CTR Threshold Validation¶

# validation/unit_tests/test_compliance_ctr.py
import pytest
from decimal import Decimal

CTR_THRESHOLD = Decimal("10000.00")

class TestCTRCompliance:
    """Validate Currency Transaction Report threshold detection."""

    def test_single_transaction_above_threshold(self, spark):
        """Single transaction >= $10,000 should trigger CTR."""
        from pyspark.sql.functions import col
        df = spark.read.format("delta").load("Tables/silver_slot_cleansed")

        ctr_candidates = df.filter(
            col("amount_wagered") >= float(CTR_THRESHOLD)
        )

        # Verify all CTR candidates are flagged
        flagged = ctr_candidates.filter(col("ctr_flag") == True)
        unflagged = ctr_candidates.filter(
            (col("ctr_flag") == False) | col("ctr_flag").isNull()
        )

        assert unflagged.count() == 0, \
            f"{unflagged.count()} transactions >= $10K not flagged for CTR"

    def test_structuring_detection(self, spark):
        """Multiple transactions $8K-$9.9K from same player should trigger SAR."""
        from pyspark.sql.functions import col, count, sum as spark_sum

        df = spark.read.format("delta").load("Tables/silver_slot_cleansed")

        # Find players with multiple near-threshold transactions
        suspicious = df.filter(
            (col("amount_wagered") >= 8000) &
            (col("amount_wagered") < 10000)
        ).groupBy("player_id", "event_date").agg(
            count("*").alias("txn_count"),
            spark_sum("amount_wagered").alias("total_amount")
        ).filter(
            (col("txn_count") >= 3) &
            (col("total_amount") >= float(CTR_THRESHOLD))
        )

        if suspicious.count() > 0:
            # Verify SAR flags exist
            sar_df = spark.read.format("delta") \
                .load("Tables/gold_compliance_sar")
            sar_players = set(
                row["player_id"]
                for row in sar_df.select("player_id").collect()
            )
            suspicious_players = set(
                row["player_id"]
                for row in suspicious.select("player_id").collect()
            )

            missing = suspicious_players - sar_players
            assert len(missing) == 0, \
                f"Structuring detected but not SAR-flagged: {missing}"

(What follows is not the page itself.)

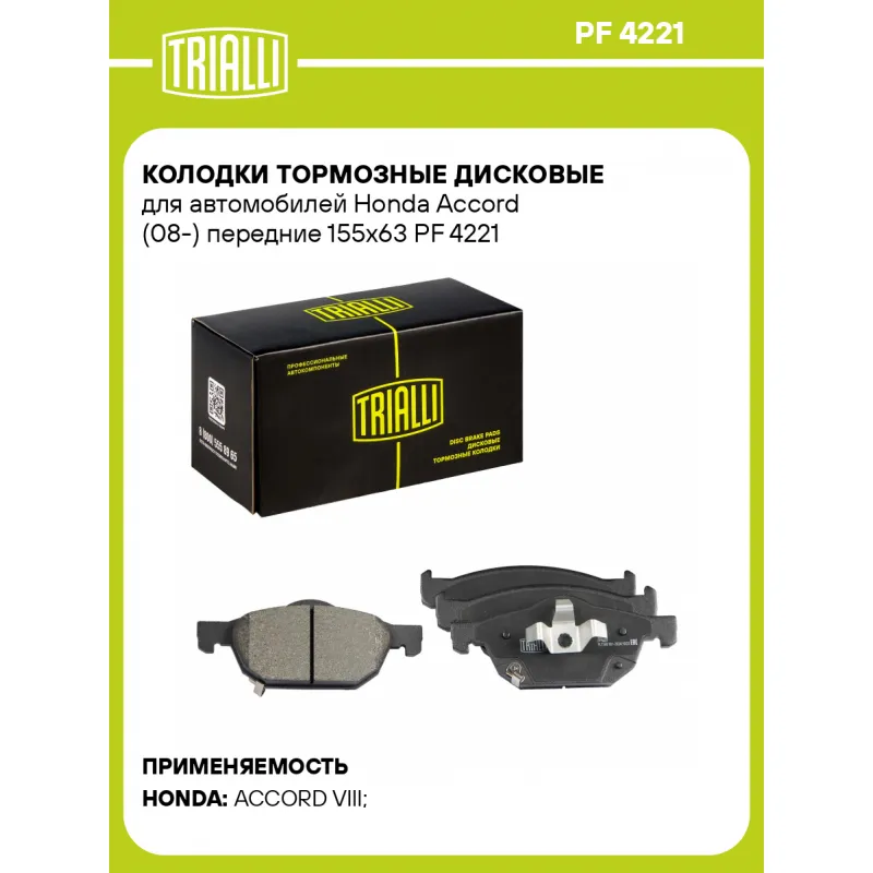 Колодки тормозные дисковые для автомобилей Honda Accord (08-) передние 155x63 Характеристики: Артикул: PF 4221 OEM номера: 45022-TL1-G00, 45022-TL1-G01 Количество на автомобиль: 1 Сторона установки: Передняя ось Особенности конструкции:: С акустическим предупреждением об износе Гарантийный срок: 1 год / 30 000 км Датчик износа: Акустический Количество тормозных колодок: 4 Дополнительная информация: С поршневыми зажимами Ширина, мм: 155.1 Высота 1, мм: 62.5 Высота 2, мм: 55.3 Толщина, мм: 16.5 Комплектация: Колодка тормозная - 4 шт Гарантия: от 1 года.

    def test_w2g_threshold_slots(self, spark):
        """Slot jackpots >= $1,200 should trigger W-2G."""
        from pyspark.sql.functions import col

        W2G_THRESHOLD_SLOTS = 1200.00

        df = spark.read.format("delta").load("Tables/silver_slot_cleansed")
        jackpots = df.filter(
            (col("amount_won") >= W2G_THRESHOLD_SLOTS) &
            (col("game_type") == "slots")
        )

        w2g_flagged = jackpots.filter(col("w2g_flag") == True)
        assert w2g_flagged.count() == jackpots.count(), \
            f"Not all slot jackpots >= ${W2G_THRESHOLD_SLOTS} are W-2G flagged"

    def test_pii_masking_in_gold(self, spark):
        """Gold layer should not contain unmasked SSN or card numbers."""
        from pyspark.sql.functions import col
        import re

        gold_df = spark.read.format("delta").load("Tables/gold_player_analytics")

        # Check for unmasked SSN pattern (XXX-XX-XXXX)
        ssn_pattern = r"\d{3}-\d{2}-\d{4}"
        for col_name in gold_df.columns:
            if gold_df.schema[col_name].dataType.simpleString() == "string":
                sample = gold_df.select(col_name).limit(100).collect()
                for row in sample:
                    if row[0] is not None:
                        assert not re.match(ssn_pattern, str(row[0])), \
                            f"Unmasked SSN found in {col_name}"

🏛️ Federal Data Quality (DQAF)¶

Data Quality Assessment Framework¶

The Federal Data Quality Assessment Framework (DQAF) establishes standards for accuracy, completeness, timeliness, consistency, and accessibility.

flowchart LR
    subgraph DQAF["Data Quality Dimensions (DQAF)"]
        A[Accuracy<br/>Data matches reality]
        C[Completeness<br/>No missing values]
        T[Timeliness<br/>Data is current]
        Con[Consistency<br/>Cross-source agreement]
        Acc[Accessibility<br/>Available to authorized users]
    end

    A --> Tests
    C --> Tests
    T --> Tests
    Con --> Tests
    Acc --> Tests

    Tests["Automated Test Suite"]

Federal Data Quality Tests¶

# validation/unit_tests/federal/test_usda_data_quality.py
import pytest
from datetime import datetime, timedelta

class TestUSDADataQuality:
    """DQAF-aligned data quality tests for USDA crop production data."""

    # Accuracy
    def test_crop_yield_in_valid_range(self, spark):
        """Crop yield values should be within historical bounds."""
        df = spark.read.format("delta").load("Tables/silver_usda_crop_production")
        from pyspark.sql.functions import col

        out_of_range = df.filter(
            (col("yield_per_acre") < 0) |
            (col("yield_per_acre") > 500)  # Max historical corn yield ~250 bu/acre
        ).count()

        assert out_of_range == 0, \
            f"{out_of_range} records with yield outside valid range"

    # Completeness
    def test_required_fields_populated(self, spark):
        """All required fields should be non-null."""
        df = spark.read.format("delta").load("Tables/silver_usda_crop_production")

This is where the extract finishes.